* **MATERIAL PROVIDED**:
________________________

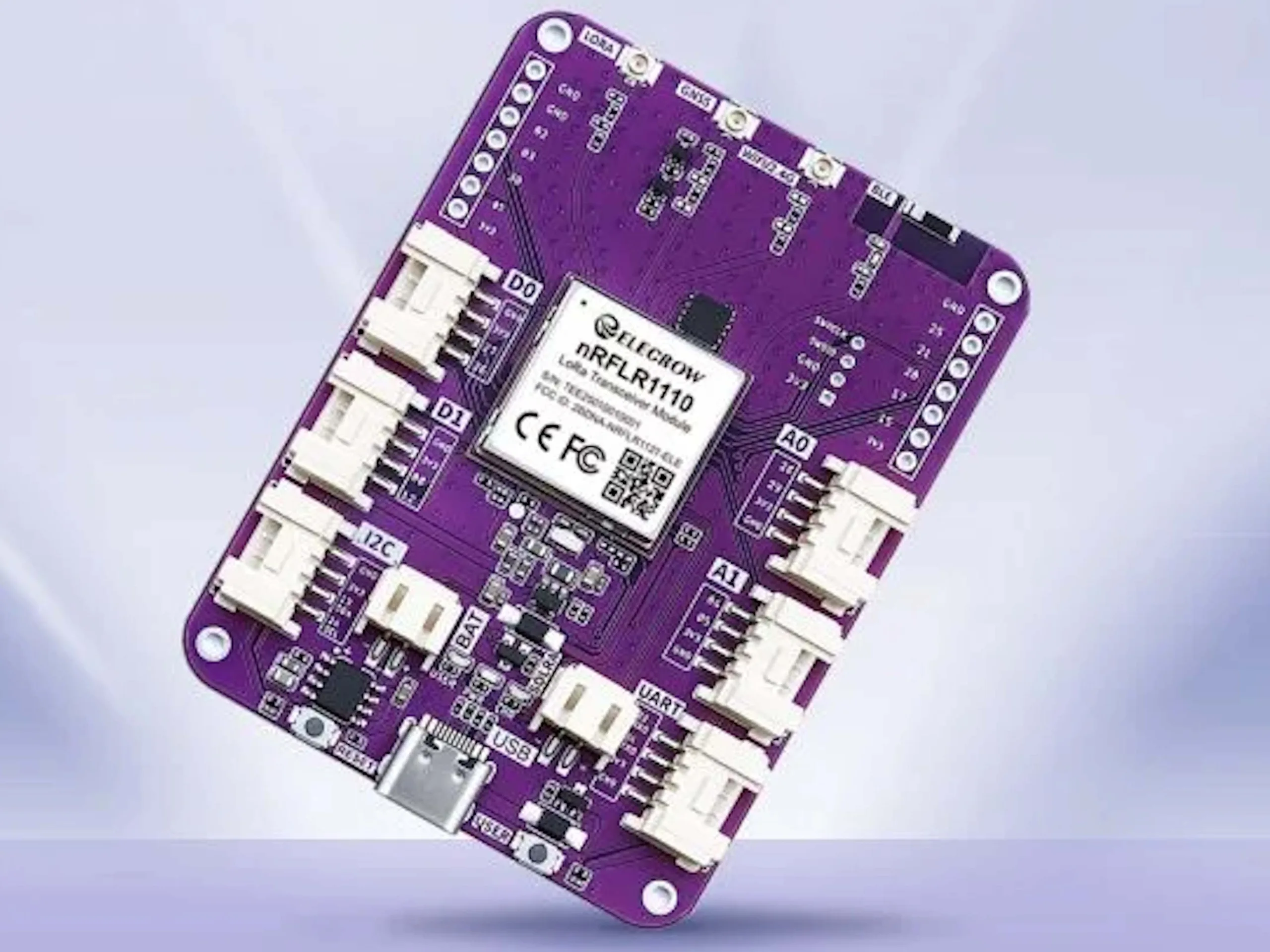 O Wi-Fi e o Bluetooth provavelmente são familiares para a maioria dos usuários, mas o mesmo pode não se aplicar ao LoRa. O LoRa é um padrão de transmissão sem fio que prioriza o alcance máximo em relação às altas taxas de dados. Normalmente, são possíveis alcances de vários quilômetros, embora o desempenho real dependa muito da densidade local de edifícios e do terreno. A Elecrow oferece o LoRa Node Expansion Board-nRFLR1110 (LMM15010D), uma nova placa compatível com conectividade LoRa a 868 ou 915 MHz, dependendo do firmware. Ela usa um controlador nRFLR1110 e pode ser usada como uma ponte: vários sensores podem se conectar à placa, que encaminha os dados para um PC ou servidor por meio de um gateway e roteador.
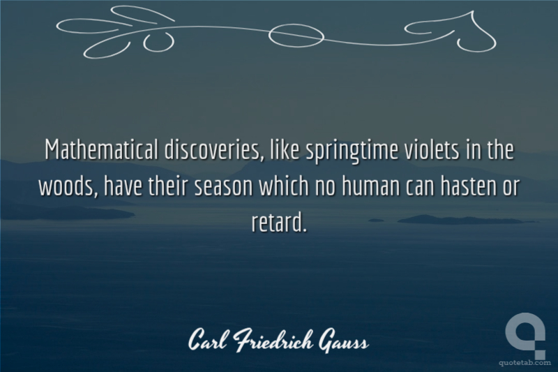 Mathematical discoveries, like springtime violets in the woods, have their season which no human can hasten or retard. Carl Friedrich Gauss
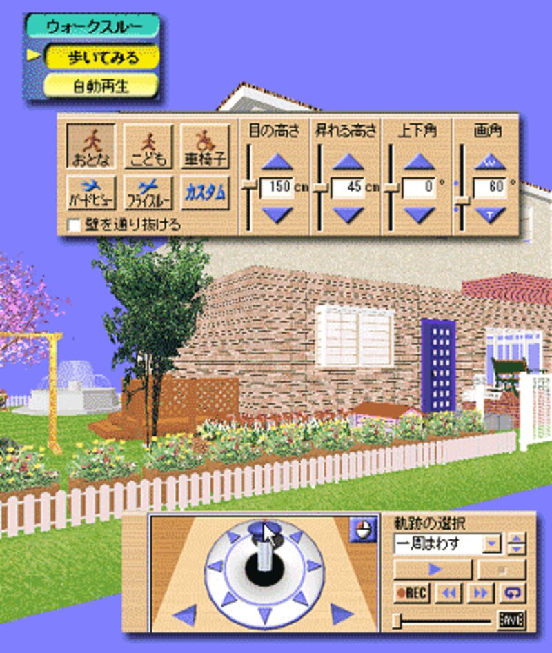 家の周りも、家の中もゆっくり歩きながら、じっくりあなたの目線で確認します。目の高さや顔を上げ下げ、左右に振ったときの視線も随時調節しながら、ジョイスティックボタンやまたはマウス操作で任意の方向に前進や後退を行います。

________________________

* **EXERCISE OBJECTIVE**:
Extract the run of lines beginning with the line that holds "Mathematical discoveries, like" and ending at the last line of the data, inclusive. Exclude any pictures from the copy.

* **EXERCISE SOLUTION**:
 Mathematical discoveries, like springtime violets in the woods, have their season which no human can hasten or retard. Carl Friedrich Gauss
 家の周りも、家の中もゆっくり歩きながら、じっくりあなたの目線で確認します。目の高さや顔を上げ下げ、左右に振ったときの視線も随時調節しながら、ジョイスティックボタンやまたはマウス操作で任意の方向に前進や後退を行います。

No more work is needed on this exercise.